Common mistake: Omitting the claim submission deadline. Without one, providers face open-ended credit liability — some customers discover outage patterns months later and submit retroactive claims covering multiple billing periods.

Scheduled maintenance and change management

In plain language: Permits the provider to take the service offline for planned maintenance, defines the notice period required, and excludes scheduled downtime from uptime calculations.

Sample language
[PROVIDER NAME] will provide at least [72] hours' advance notice of Scheduled Maintenance via email to the Customer's designated administrator. Scheduled Maintenance shall not exceed [8] hours per calendar month without Customer's prior written consent.

Common mistake: No cap on scheduled maintenance hours. Unlimited maintenance windows allow a provider to perform extended work during business hours without triggering uptime credits, effectively nullifying the SLA.

Exclusions and carve-outs

In plain language: Lists the specific circumstances under which downtime does not count against the provider's uptime obligation — protecting the provider from credit liability for events outside its control.

Sample language
The following are excluded from uptime calculations: (a) acts or omissions of Customer or its users; (b) Customer's internet connectivity or equipment failures; (c) third-party services not under [PROVIDER NAME]'s operational control; (d) Force Majeure Events; (e) Scheduled Maintenance Windows.

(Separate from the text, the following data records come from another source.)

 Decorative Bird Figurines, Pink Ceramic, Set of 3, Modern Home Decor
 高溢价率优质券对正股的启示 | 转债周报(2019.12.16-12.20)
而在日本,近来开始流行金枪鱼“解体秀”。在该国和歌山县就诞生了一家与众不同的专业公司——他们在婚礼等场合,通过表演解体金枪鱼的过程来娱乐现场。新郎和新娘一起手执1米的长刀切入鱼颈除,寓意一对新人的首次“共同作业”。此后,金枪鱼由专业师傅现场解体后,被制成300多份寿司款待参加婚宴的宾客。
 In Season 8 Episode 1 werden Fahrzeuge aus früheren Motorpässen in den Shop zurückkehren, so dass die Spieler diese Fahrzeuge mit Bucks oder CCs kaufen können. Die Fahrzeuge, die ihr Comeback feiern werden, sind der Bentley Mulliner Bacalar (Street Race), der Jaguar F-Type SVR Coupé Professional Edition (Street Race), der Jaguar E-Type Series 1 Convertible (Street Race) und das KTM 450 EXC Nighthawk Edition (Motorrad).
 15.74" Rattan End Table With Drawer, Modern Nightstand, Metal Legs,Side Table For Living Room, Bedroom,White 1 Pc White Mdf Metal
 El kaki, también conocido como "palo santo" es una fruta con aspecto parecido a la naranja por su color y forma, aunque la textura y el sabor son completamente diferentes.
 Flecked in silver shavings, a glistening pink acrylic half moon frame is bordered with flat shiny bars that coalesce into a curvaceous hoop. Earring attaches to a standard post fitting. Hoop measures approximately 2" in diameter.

Common mistake: Drafting exclusions so broadly that nearly every outage qualifies as an exclusion — particularly 'third-party services' carve-outs that capture the provider's own cloud infrastructure (AWS, Azure, GCP). Customers negotiate to limit third-party exclusions to services beyond the provider's reasonable vendor selection control.

Support tiers and contact channels

In plain language: Defines the available support tiers (e.g., Standard, Professional, Enterprise), the channels available at each tier (email, chat, phone), and the hours of coverage.

Sample language
Standard Support: email support, business hours [9 AM–5 PM EST, Mon–Fri], initial response within [1] business day. Professional Support: email and chat, [24/7] for Severity 1, response within [4] hours. Enterprise Support: dedicated success manager, phone escalation, [24/7] coverage for Severity 1–2.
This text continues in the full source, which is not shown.